On 5/29/2010 1:14 PM, Chip Orange wrote:
Oh, for instance, get some info out of a particular dictionary object. I
test if it exists, and then when I go to get info out of it, I get an error
because it no longer exists, because some other event handler has removed it
(as it should); but these types of conflicts where objects are created and
modified and deleted by more than one thread really could use some atomic
control, and I was wondering if anyone had already solved this issue.


Are you talking about two event handlers in the same script? If so, they don't run in separate threads. ActiveScript scripts only have one thread. Normally, everything you do would be atomic. However, since the Dictionary object lives in a different process (in Vista and above, anyway) the call to access it might let the second event handler call sneak in while the first one is waiting for a reply from the other process.
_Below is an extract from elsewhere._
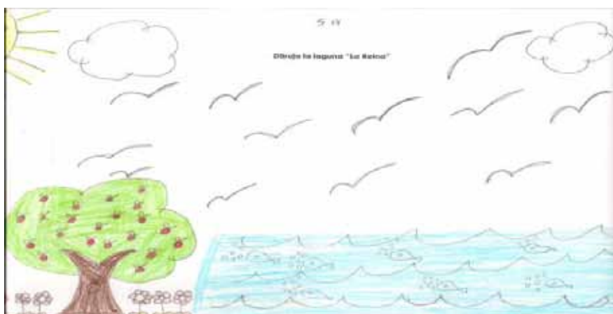
Figura 3. Dibujo realizado por sujeto 3 (10 años), donde se evidencia la presencia de los elementos naturales más comunes: agua, árboles, peces y aves

En este aspecto se puede apreciar que los estudiantes realizaron la representación de animales donde destaca el valor de su experiencia en el humedal, por lo que se puede inferir que los niños poseen interés por estas especies, ya que las asocian a ideas y uso en su propio entorno. Esta inclinación se encuentra asociada a una predisposición para comportamientos favorables con su entorno, ya que dan a conocer que este espacio es poseedor de una gran diversidad de especies (Borgues y da Conceicao, 2006).

If you used a local boolean variable to control access, changes to that variable's state should be sufficiently atomic. However, because the problem isn't actually multiple threads but re-entrancy on the same thread, you have to figure out what you'll do in that other event handler if it can't get acquire a lock on the Dictionary object. It can't just block, because that'll cause a deadlock. That, unfortunately, is not an easy problem to solve. One thing you could do is queue a function that'll try again later, but then you run the risk that some third handler might fire and try to use the object after it should have been deleted by the second, and so on. Good luck with that part of it; this is the stuff that keeps programmers up nights.

There is a related topic having to do with multiple scripts trying to access the same shared object. In that case, you really are talking about synchronizing multiple threads, but you're also presumably talking about the possibility of having two scripts from two or even three different authors involved. When that's likely, the synchronization should be part of the shared object's public interface. If the shared object is implemented by an ActiveScript script, it will also run in a single thread, which means (again) that you can't make it block on failure, so in this case the calling script needs to block (or handle the failure to acquire a lock some other way, possibly by rescheduling the attempt. That depends on what your caller wants to do and whether it itself is in a situation that can't block, such as a keyboard event handler.) So, in addition to whatever other properties and methods your shared object might have, it would also have methods like "AttemptLock" and "Unlock." In the simplest case, there's no enforcement of any of this. An unscrupulous script could call Unlock without first succeeding at AttemptLock, or could just skip calling the lock functions at all, and that would break things. But as long as all of the object's clients adhere to the contract, it'd work. (This is just like critical sections in Win32 API programming: acquiring one is optional, and if even one thread fails to do so before working with a nominally protected resource, the whole house of cards falls down.)